Cm NEUTRON MEASUREMENTS FOR SPENT FUEL USING A NEUTRON COINCIDENCE COUNTER AND A COMPARISON WITH CHEMICAL ANALYSIS RESULTS

Year
2009
Author(s)
Howard O. Menlove - Los Alamos National Laboratory
Tae-Hoon Lee - Korea Atomic Energy Research Institute
Sang-Yoon Lee - Korea Atomic Energy Research Institute
Abstract
A passive neutron coincidence counter for the nuclear material measurement of the Advanced Spent Fuel Conditioning Process (ACP) has been developed by the Korea Atomic Energy Research Institute (KAERI) since 2003 and was deployed in a hot cell of the ACP Facility (ACPF) in 2005. The most dominant neutron source among the spontaneous fission nuclides contained in spent fuel is 244Cm. To obtain the neutron counting rates of the singles, doubles, and triples coincidences of the neutron counter with an increment of the 244Cm mass, a hot test of the neutron counter was performed with several spent fuel rod-cuts in the ACPF hot cell in 2007. The source term of the spent fuel rod-cuts was obtained by using the ORIGEN-ARP burnup simulation code and a set of preliminary calibration curves of the neutron counter for 244Cm was generated. The calibration curves were also obtained from the results of an MCNPX code simulation, but there was a wide difference of around 30% in the slope of doubles rate calibration curve between the measurements and the MCNPX results.

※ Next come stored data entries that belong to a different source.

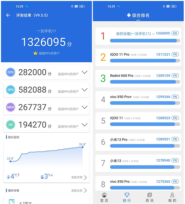 一加11的硬件配置對(duì)我來(lái)說(shuō)是頂尖的,打游戲絲毫不會(huì)卡頓。它搭配了滿(mǎn)血版驍龍8 Gen2、滿(mǎn)血版16GB大內(nèi)存和滿(mǎn)血版UFS 4.0閃存,手機(jī)剛到手我就跑了個(gè)分,大家覺(jué)得成績(jī)?cè)趺礃樱?
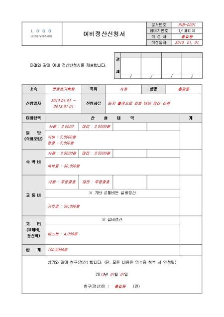 표준 여비 정산신청서(출장 및 여비 규정)
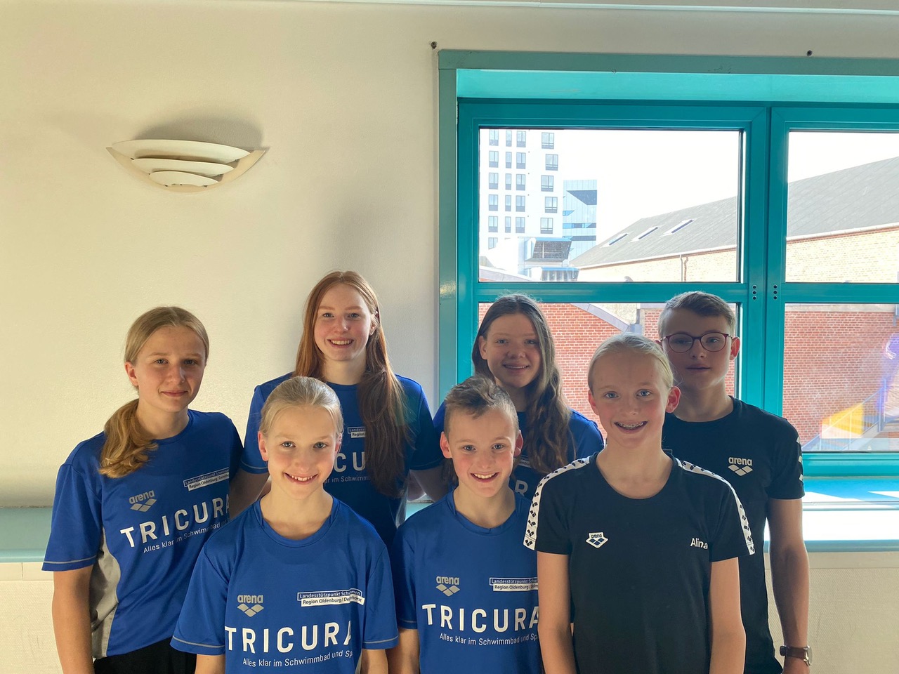 Insgesamt waren sieben Aktive des Delmenhorster Schwimmvereins dabei. Namentlich genannt: Emma Kämpfe, Lea Sophie Baechler, Isabel Karolin Maßberg, Emelie Marie Maßberg, Alina Meyer, Mattis Meyer sowie Niklas Meyer.
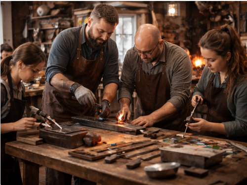 Impart pasiunea mestesugului cu copii si adulti in cadrul unor ateliere dedicate: fier forjat, turnatorie, acoperiri cu email, suflare sticla, realizare bijuterii.
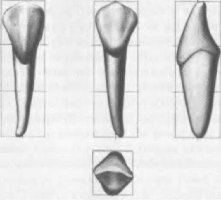 Скаты режущего края от главного бугорка у клыков нижней челюсти, как правило, расходятся под тупым углом или близким к прямому. Мезиальный скат чаще всего короче дисталыюго и располагается менее отвесно. Апроксимальные контуры коронки слабо конвергируют к условной срединной вертикали по направлению к шейке зуба, но иногда они располагаются почти отвесно, придавая коронке более удлиненную форму. Дистальный угол коронки закруглен и расположен ближе к шейке зуба, чем мезиальный.
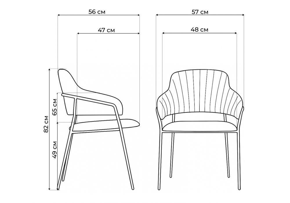 Высота подлокотников: 65 см. Материал каркаса - металл; Материал сиденья - велюр; Материал обивки - велюр; Ширина - 57; Глубина - 56; Высота - 82; Ширина сиденья - 48; Глубина сиденья - 47; Высота сиденья - 49;
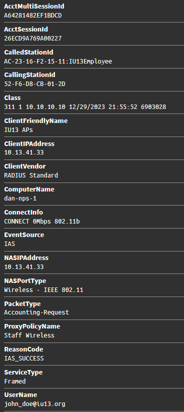 EAP-Friendly-NameEvent-SourceFramed-IP-AddressFramed-MTUFully-Qualifed-User-NameNAS-IP-AddressNAS-IPv6-AddressNAS-Port-TypeNP-Policy-NameTimestampPacket-TypeProvider-TypeProxy-Policy-NameQuarantine-Update-Non-CompliantReason-CodeSAM-Account-NameService-TypeSession-TimeoutUser-Name

The chemical analysis results of the spent fuel samples were obtained in September 2008. Before having the chemical analysis results, the difference was considered coming from the uncertainty of source term calculated by using the ORIGEN-ARP code. However it is found that the difference between the measurements and MCNPX results is due to the error in the declared burnup since the chemical analysis burnups of the samples differ from the declared ones by around 10%. The expected burnup of each rod-cut was also obtained from the results of self-multiplication correction for the 244Cm mass of the rod-cuts and the difference between the expected burnup results and the chemical analysis results is less than 2%. This study shows the high performance of the neutron coincidence counter for 244 Cm measurements of spent fuel and also shows that the burnup of spent fuel samples can be obtained through a series of ORIGEN-ARP code simulations if it is possible to acquire the measurement data of neutron counting rates for 244Cm of the samples.